__SUPPLIED DATA__

..............................

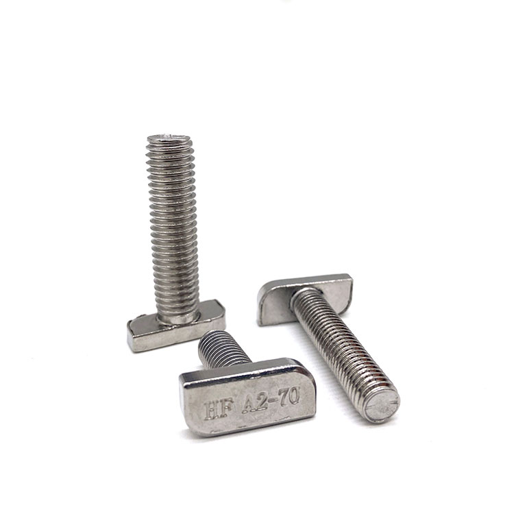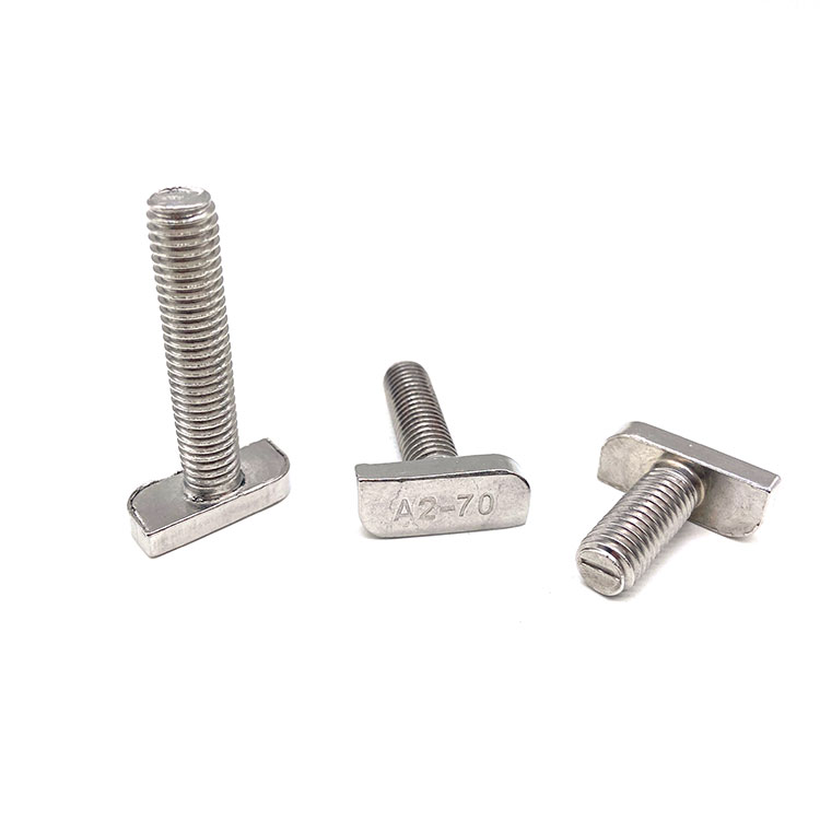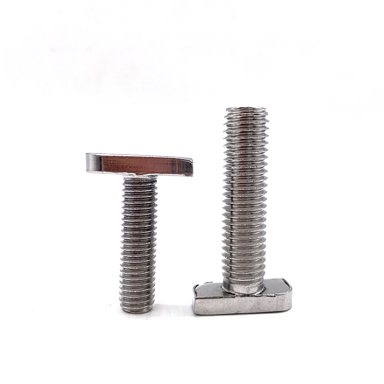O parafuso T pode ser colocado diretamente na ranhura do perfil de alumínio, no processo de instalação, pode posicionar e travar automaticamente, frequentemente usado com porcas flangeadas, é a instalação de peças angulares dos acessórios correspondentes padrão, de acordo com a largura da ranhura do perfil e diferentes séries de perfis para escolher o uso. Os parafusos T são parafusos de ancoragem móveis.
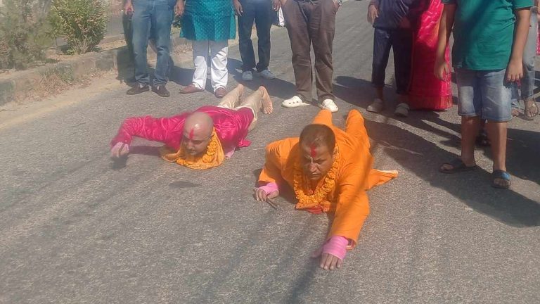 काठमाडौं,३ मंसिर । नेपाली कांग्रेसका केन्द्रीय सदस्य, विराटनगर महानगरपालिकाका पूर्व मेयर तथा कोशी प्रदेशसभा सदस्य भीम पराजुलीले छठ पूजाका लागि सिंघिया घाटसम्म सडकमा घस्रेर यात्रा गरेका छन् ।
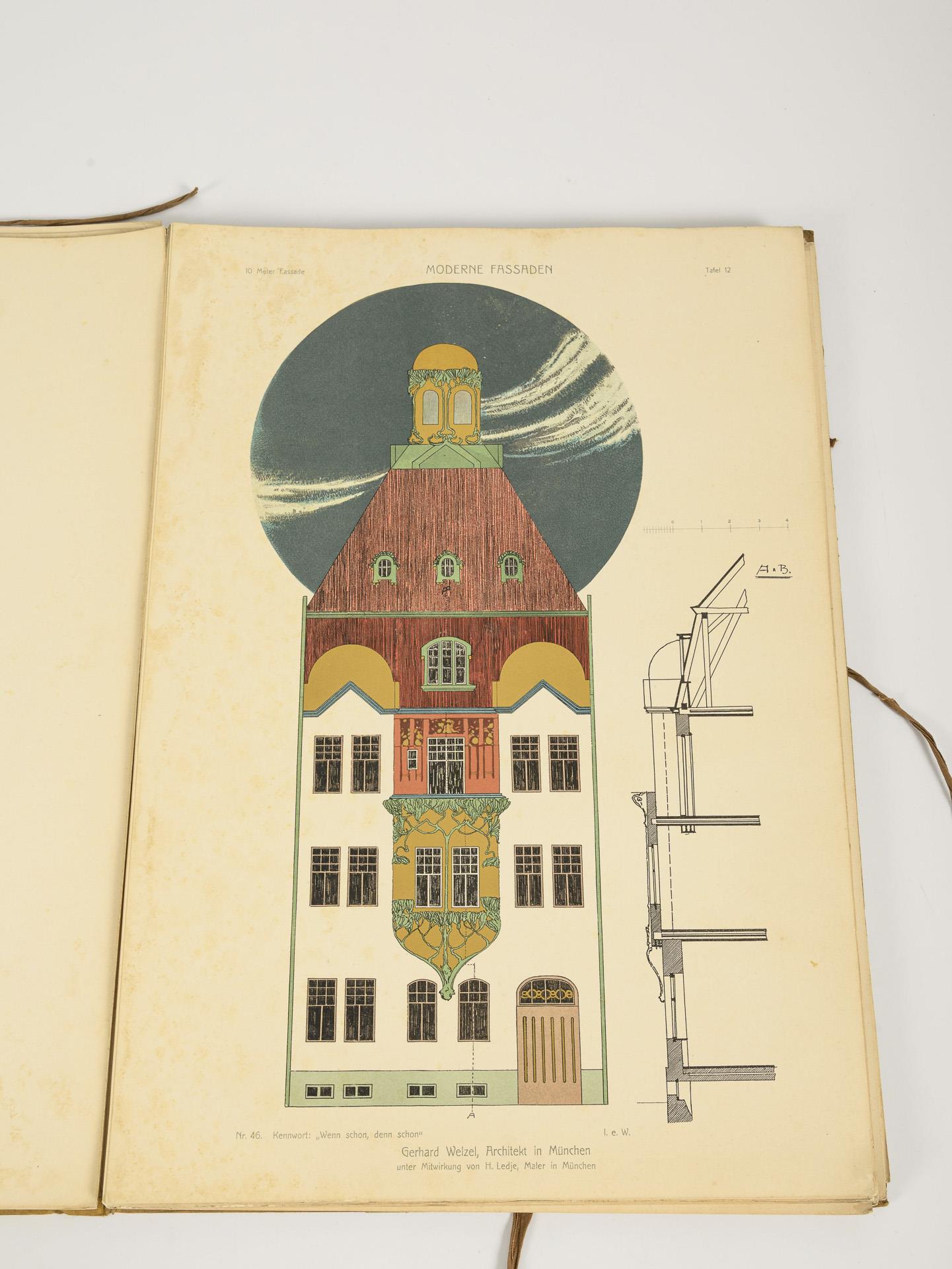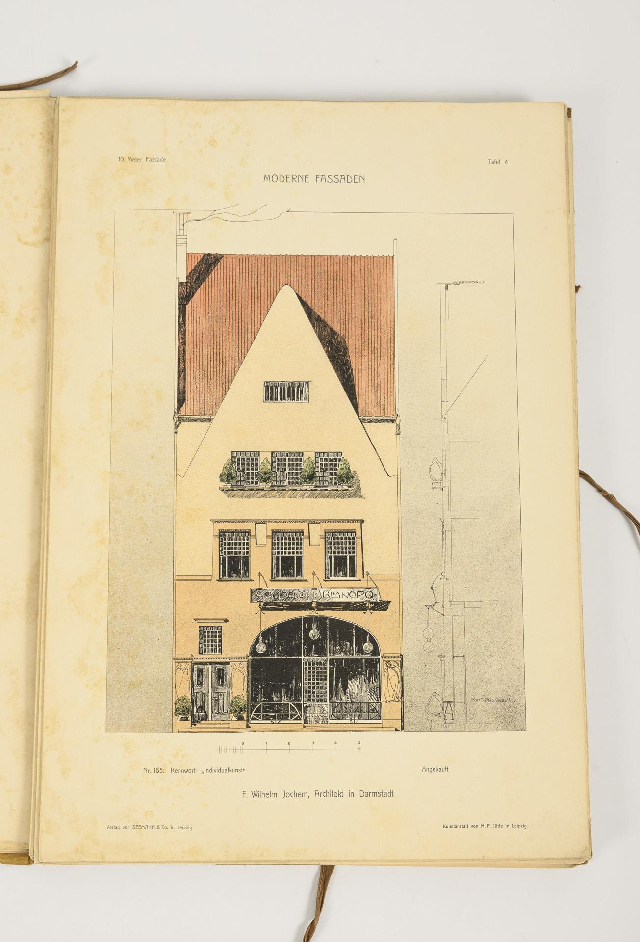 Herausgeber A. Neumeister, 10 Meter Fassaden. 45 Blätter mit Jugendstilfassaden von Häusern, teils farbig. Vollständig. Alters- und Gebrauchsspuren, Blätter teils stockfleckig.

..............................

__REQUIREMENT__
Copy, without the pictures, exactly the lines from the line with "काठमाडौं,३ मंसिर ।" through the end of the material above, both ends included.

__WRITTEN ANSWER__
 काठमाडौं,३ मंसिर । नेपाली कांग्रेसका केन्द्रीय सदस्य, विराटनगर महानगरपालिकाका पूर्व मेयर तथा कोशी प्रदेशसभा सदस्य भीम पराजुलीले छठ पूजाका लागि सिंघिया घाटसम्म सडकमा घस्रेर यात्रा गरेका छन् ।
 Herausgeber A. Neumeister, 10 Meter Fassaden. 45 Blätter mit Jugendstilfassaden von Häusern, teils farbig. Vollständig. Alters- und Gebrauchsspuren, Blätter teils stockfleckig.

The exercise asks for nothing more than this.